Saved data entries
....

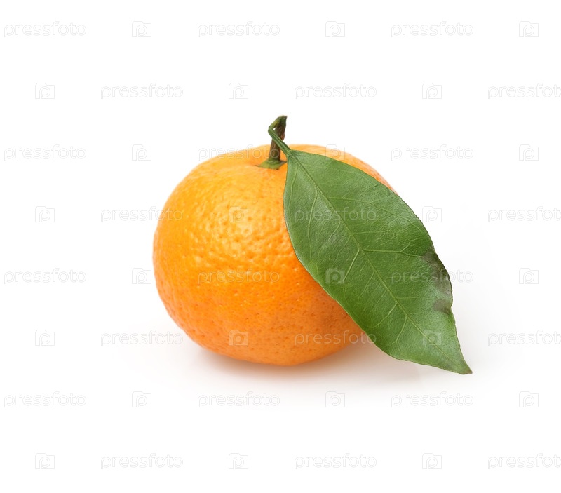 Мандарин со свежими зелеными веточками, изолированные на белом фоне
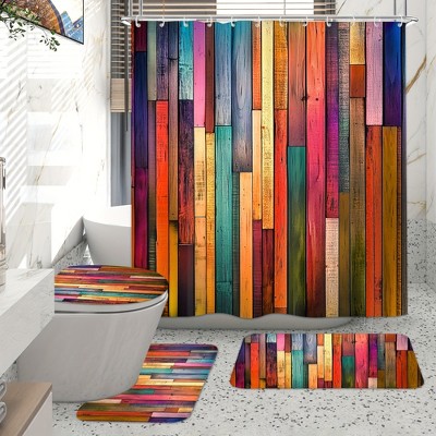 Lomsoe 4PCS Rainbow Vertical Wood Stripe Shower Curtain Full Set, Rustic Colorful Print, Great for Modern Bathroom Decor
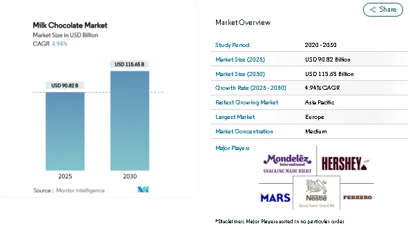 The Milk Chocolate Market Size is valued at USD 90.82 billion in 2025 and, according to the Milk Chocolate Market Forecast, is expected to reach USD 115.65 billion by 2030. The Milk Chocolate Industry remains one of the most stable segments within the global confectionery category. Demand comes from everyday snacking, seasonal gifting, and celebrations.
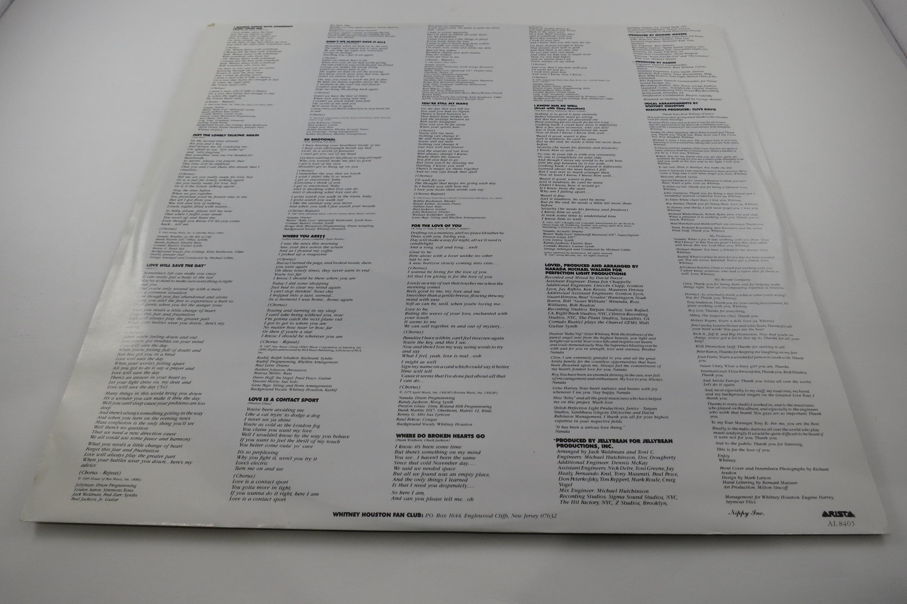 Vintage 1987 Vinyl LP Record Whitney Houston Whitney In Shrink NM-MT. Original cover is in Near Mint condition and includes the original inner paper sleeve. Record is Near Mint-Mint. Fabulous copy! Tracks are as follows
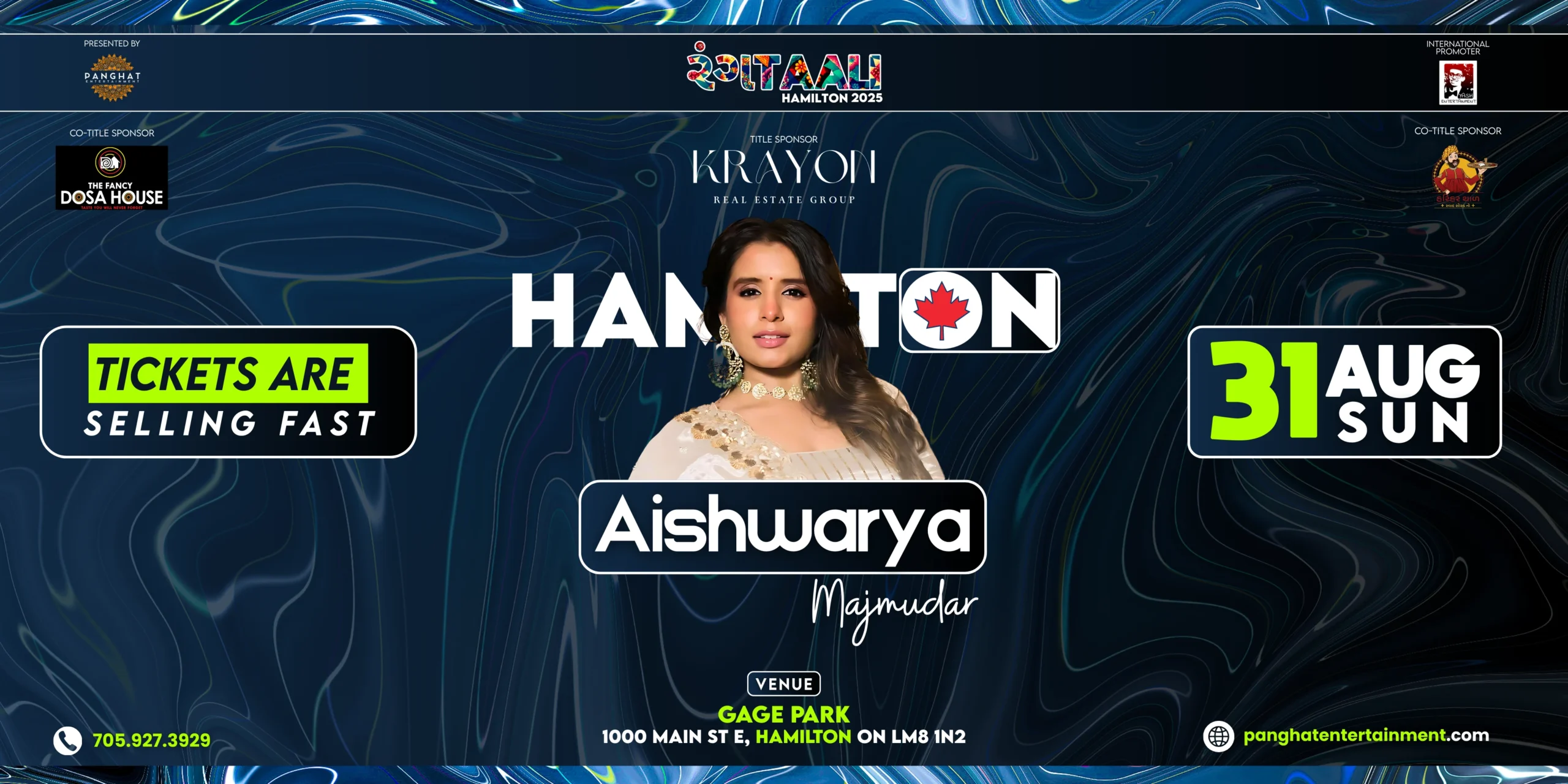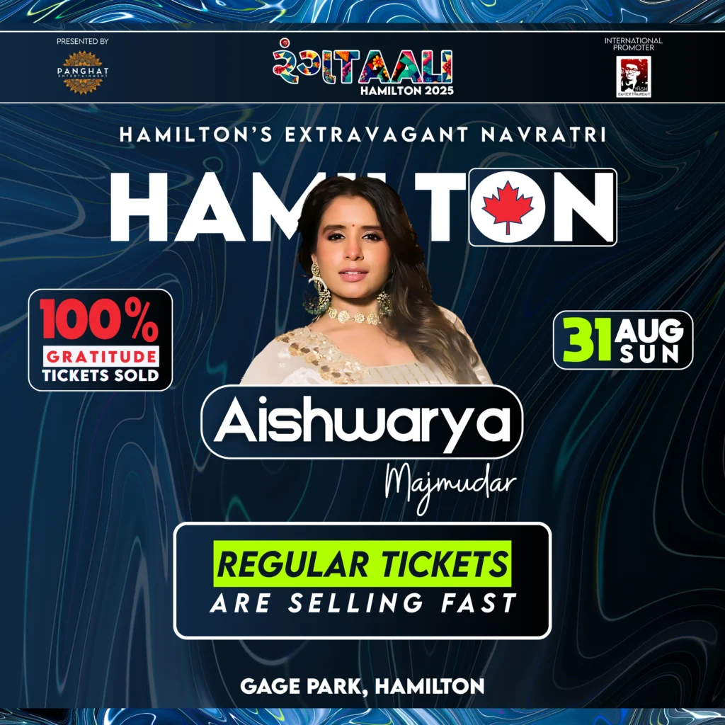 Panghat Entertainment proudly presents Rangtaali Hamilton 2025, featuring the sensational Aishwarya Majmudar – one of the most loved voices in the Garba world. Get ready for an evening filled with vibrant rhythms, cultural pride, and electrifying energy.
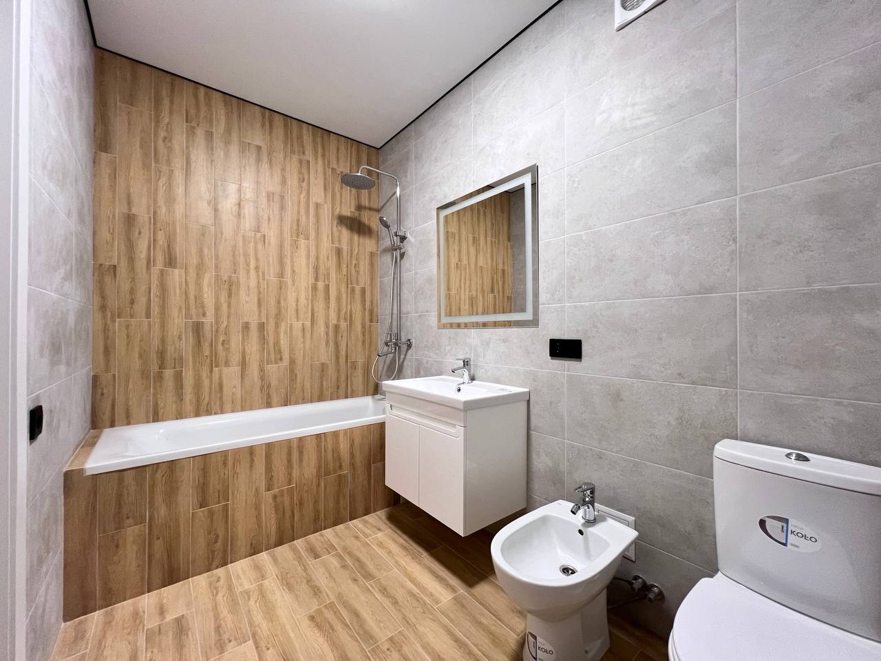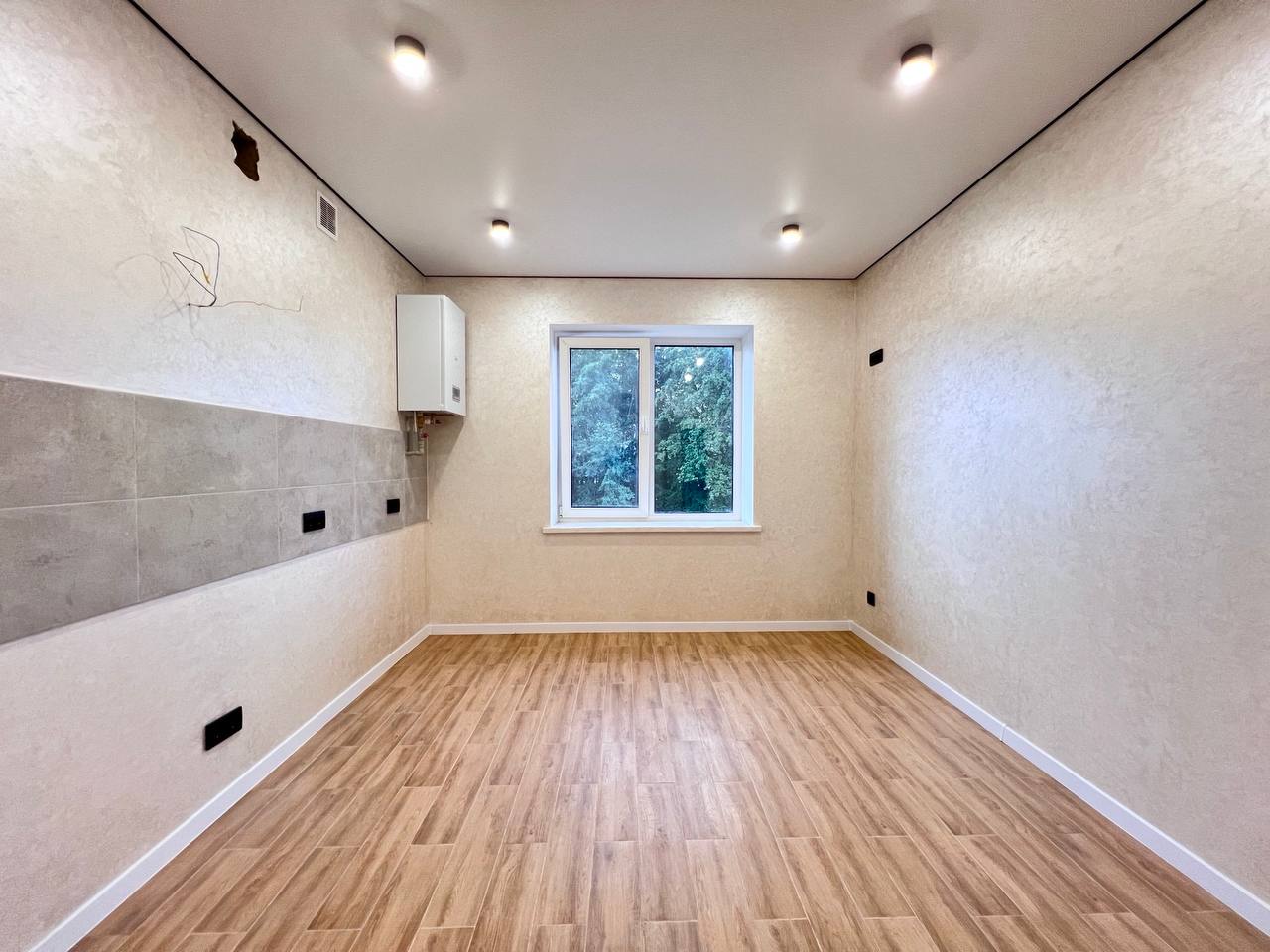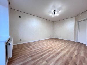 Простора, світла квартира із якісним ремонтом, заходиться на 3/3 поверсі, будинок побудований з цегли. Тепла підлога у кухні і санвузлі, опалення електричне в кімнаті батарея також у плануванні присутня гардеробна та балкон.

....

§ **Exercise**: Give back the exact lines above, running from the one that has "The Milk Chocolate Market Size is" through the one that has "Panghat Entertainment proudly", with nothing added and no pictures.

§ **Reply**:
 The Milk Chocolate Market Size is valued at USD 90.82 billion in 2025 and, according to the Milk Chocolate Market Forecast, is expected to reach USD 115.65 billion by 2030. The Milk Chocolate Industry remains one of the most stable segments within the global confectionery category. Demand comes from everyday snacking, seasonal gifting, and celebrations.
 Vintage 1987 Vinyl LP Record Whitney Houston Whitney In Shrink NM-MT. Original cover is in Near Mint condition and includes the original inner paper sleeve. Record is Near Mint-Mint. Fabulous copy! Tracks are as follows
 Panghat Entertainment proudly presents Rangtaali Hamilton 2025, featuring the sensational Aishwarya Majmudar – one of the most loved voices in the Garba world. Get ready for an evening filled with vibrant rhythms, cultural pride, and electrifying energy.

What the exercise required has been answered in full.